Considering buying a used chest cooler and use my stc-1000 to control it at 40F to lager beers for 4-6 months.
Idea is keep brewing and put lagers in the cooler, so i can always have a lager finishing and another starting.

To all of you that use a similar equipment, do you know what is the anual consumption in kwh of a setup like this?
Does the chest cooler have a higher consumption maintaining 40F , rather than 10F as designed?
Does the chest cooler have a higher consumption with 20 gallons of beer inside, instead of a 5 gallon carboy?

Thanks for the inputs
 
No, it doesn't use more energy to keep things warmer. The compressor runs at the same load regardless of whether its cranked to the coldest or hottest setting, but it runs the compressor much less frequently to maintain a warmer temperature. Yes, it does use more energy to keep 20 gallons of beer colder rather than 5 gallons of beer. There is more thermal mass with more beer. In all reality though, these chest freezers are very efficient and might use 20 or 30 dollars of electricity for an entire year of keeping things FROZEN!
 
No, it doesn't use more energy to keep things warmer. The compressor runs at the same load regardless of whether its cranked to the coldest or hottest setting, but it runs the compressor much less frequently to maintain a warmer temperature. Yes, it does use more energy to keep 20 gallons of beer colder rather than 5 gallons of beer. There is more thermal mass with more beer. In all reality though, these chest freezers are very efficient and might use 20 or 30 dollars of electricity for an entire year of keeping things FROZEN!

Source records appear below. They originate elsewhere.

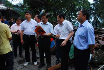 文化部部长蔡武、国家文物局局长单霁翔等考察都江堰二王庙受损情况。林 雪 摄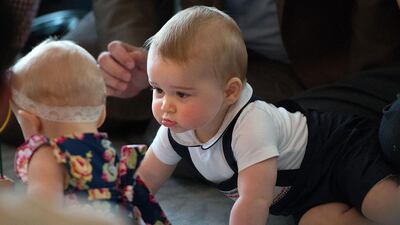 Britain's Prince George has playtime at the Government House in Wellington on April 9, 2014. The Duke and Duchess of Cambridge are on a three-week tour of New Zealand and Australia.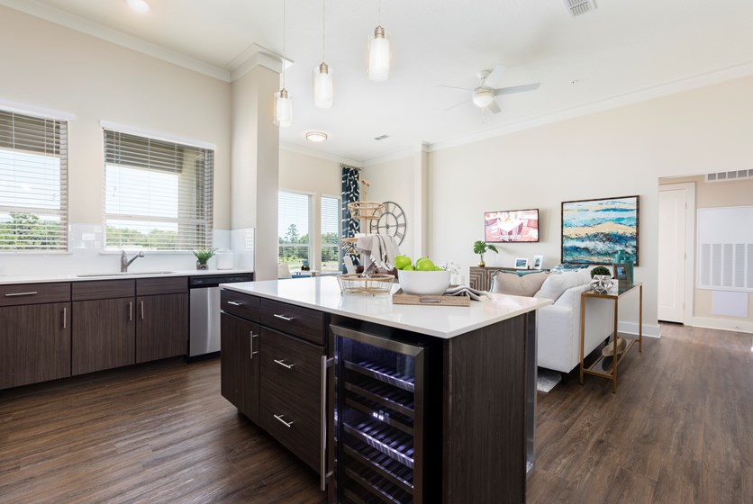- Spacious luxury kitchens provide bright, open-concept living space with beautiful quartz countertops, whirlpool stainless steel appliances, and dual temperature wine cooler. This is the perfect space to host a dinner party or enjoy a morning cup of coffee at the oversized breakfast bar.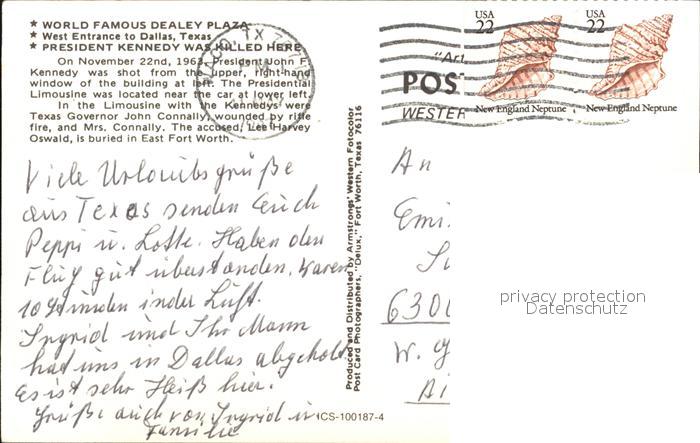 72592274 old postcard Dallas Texas Dealey Plaza postalisch gelaufen Erhaltung siehe scans [AndreD76] KatCode: 14140460000000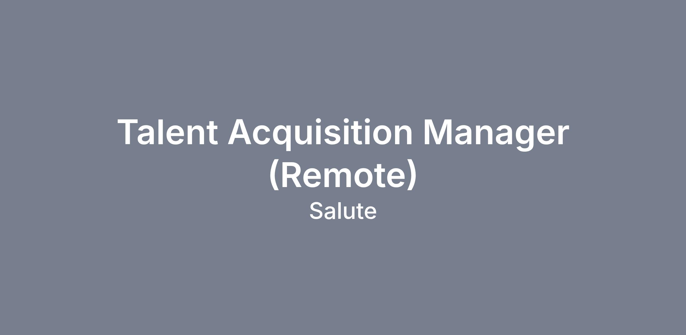 Talent Acquisition Manager (Remote)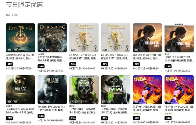 索尼PSN港服最近開啟了名為節日限定優惠的活動,居然一直開到2023年1月18日,本ACG吐槽君feichenpan表示這次活動有夠長的,期間有各類新老PS4/PS5數字版遊戲參與其中,例如《艾爾登法環》,《哥譚騎士》,《最後生還者重製版:第一部》,《生化危機8黃金版》等等,這里給大家推薦一下值得買的一些PS4/PS5遊戲,如果有我沒有推薦的,以您為主,您都是對的,還請大家各取所需,看看自己喜歡的遊戲類型和活動力度再買,如果你是PS+二檔或者三檔會員就不建議買了,直接慢慢等這些PS4/PS5遊戲入庫即可,性價比更高。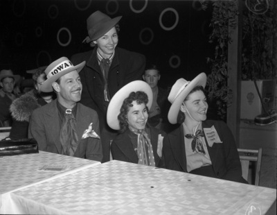 Southwestern Exposition and Fat Stock Show delegation members from Iowa Park include (left to right) Leroy Nichols, Mrs. R. E. Van Horn, Miss Anoham Benton and Miss Micky Reeder, are seen sitting around a table wearing suit jackets and a hat reading Iowa Park. There are people in the background looking on.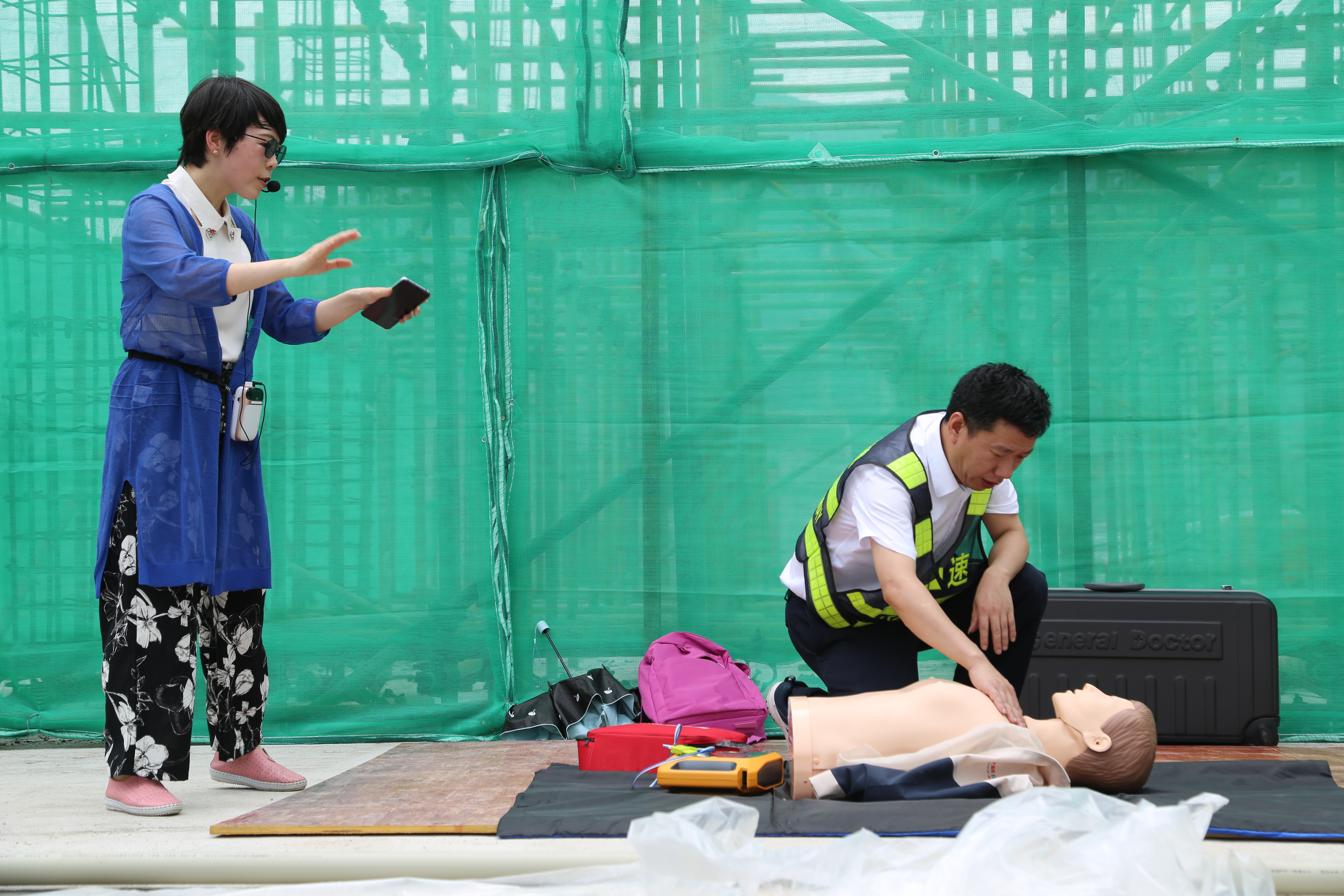 圖為活動人員參加心肺復蘇實操演練 此次演練的第二項重頭戲是心肺復蘇術培訓,建筑工地多為臨時工棚且露天作業(yè),受臺風影響較大,心肺復蘇對于遭遇意外的施工人員來說如同救命稻草。高速集團安保部邀請了臺州職業(yè)技術學院副教授李美芬到演練現場進行心肺復蘇術培訓,李美芬詳細講解了心肺復蘇術和AED的理論知識、操作要領和具體方法,并規(guī)范熟練地進行了現場演示。隨后參與演練的各部門代表上臺學習實操,李美芬細心指導每一個動作,耐心講解每一個要點,教學效果顯著,有效提高了參演人員的急救技能。 防汛防臺無小事,安全生產有保障,房產集團下有多個在建工程項目,此次演練能夠進一步強化現場人員的防汛防臺意識,普及自救急救知識,提高工程管理人員、施工就業(yè)人員的防災抗災和應急處置能力。 盧丹麗

I don't have numbers for this or anything, but once the temperature is reached with 20 gallons of beer, it probably takes less energy to maintain it than with 5 gallons. Thermal mass works in both directions -- it's cheaper to run a full fridge than an empty one.
 
I"m not sure, it would be interesting to see. I know my chest freezer at home is absolutely slammed full of frozen stuff and I hardly ever hear it run.
 
Yes i also believe that once the temperature is reached, a full refrigerator consums less than an empty one. But i did not try and log it yet.
The doubt was...does it turn on a lot maintaing 40f instead of 10f beeing a freezer and designed to keep things frozen, not cooled.
 
It will turn on less.

You'll be using a temperature controller, which will turn the freezer on and off when the temperature fluctuates. So at, say, 42F, it will switch on, and the freezer will attempt to get it to 10F. Once it reaches, say, 38F, the temp controller will switch it off again.